Selain itu, ujarnya, kemiskinan menjadi salah satu faktor yang mendorong munculnya kasus-kasus "stunting". Kemiskinan tidak hanya dilihat dari faktor asupan gizi yang tidak mencukupi, namun juga karena akses terhadap fasilitas kesehatan, serta sanitasi lingkungan yang kurang.

Di sejumlah daerah, khususnya di desa-desa, masih ditemukan sarana sanitasi lingkungan yang tidak layak sehingga berpotensi menjadi penyebab "stunting".

"Misalnya kondisi jamban, masih ada yang menggunakan jamban yang terdapat di pinggiran sungai yang mana dari sisi higienisitas tidak layak," katanya.

Oleh karena itu, katanya, perlu peningkatan kesadaran masyarakat untuk melakukan aktivitas buang air di jamban yang layak serta memastikan akses terhadap air bersih tercukupi.
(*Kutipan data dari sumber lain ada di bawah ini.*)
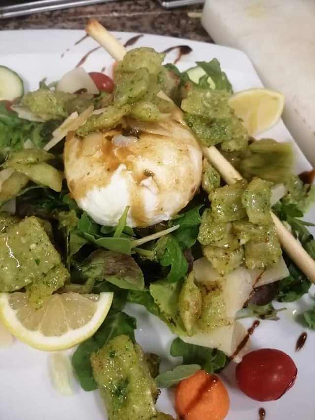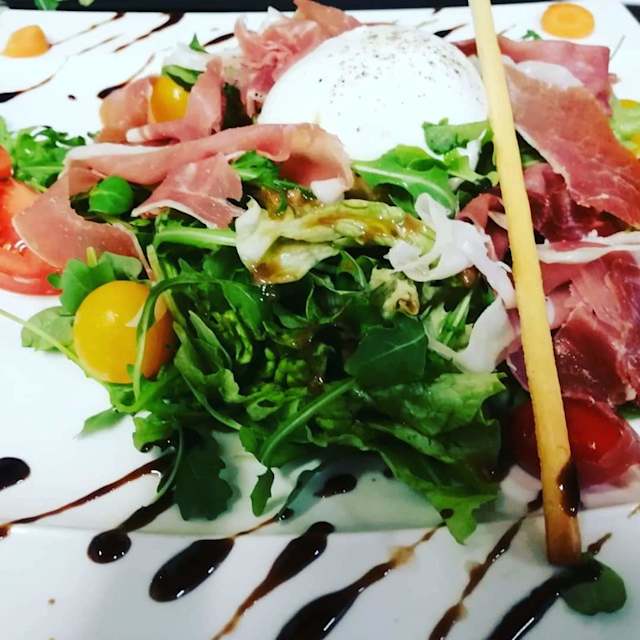 - Tomates, salade verte, fromage italien burrata, roquette, crème balsamique, tomates cerises, jambon sec italien, figue sèche, vinaigrette du chef (huile d'olive, vinaigre balsamique, ail, moutarde et persil frais).

Sebelumnya, Direktur Pusat Pengembangan Sumberdaya Wanita (PPSW) Borneo Reny Hidjazi saat diskusi Forum Jurnalis yang diadakan Jurnalis Perempuan Khatulistiwa dan membahas permasalahan pemahaman stunting di Kalbar beberapa waktu lalu, mengatakan tantangan untuk mengampanyekan gizi nasional, khususnya untuk mencegah "stunting", tidak mudah, terutama mengajak orang untuk sadar dan paham tentang penyebab, gejala, dan akibat jangka panjang, serta pencegahan "stunting".

Pihaknya melakukan pendampingan terhadap lima kecamatan di Kubu Raya dengan masuk ke desa-desa, melakukan kelas ibu hamil, kelas ibu balita, ke posyandu, hingga puskesmas.

"Partisipasi laki-laki juga diperlukan untuk meningkatkan kesadaran dan pemahaman dalam mencegah 'stunting'," kata dia.

Suami sebagai pemberi nafkah, menurut dia, seringkali tidak mau terlalu tahu soal pencegahan "stunting". Padahal keterlibatan para suami penting karena membantu sang istri, terutama soal pemberian asupan makanan bergizi dan mendorong untuk penerapan ASI ekslusif.

"Kita juga berharap para suami mau mengantar istri saat pemeriksaan dan mau mencari informasi dan mendengarkan informasi tentang 'stunting' ini," katanya.

Reny mengatakan pengetahuan tentang "stunting" masih sedikit diterima perempuan, terutama di desa. Periode 1000 Hari Pertama Kehidupan juga berpengaruh bagi kesehatan ibu dan anak.

"Titik rawan 'stunting' itu satu di antaranya saat masa awal kehamilan. Ada masa mengidam, nah ini sangat rawan, biasanya perempuan malas makan. Makan ala kadarnya sehingga gizi tidak terpenuhi," katanya.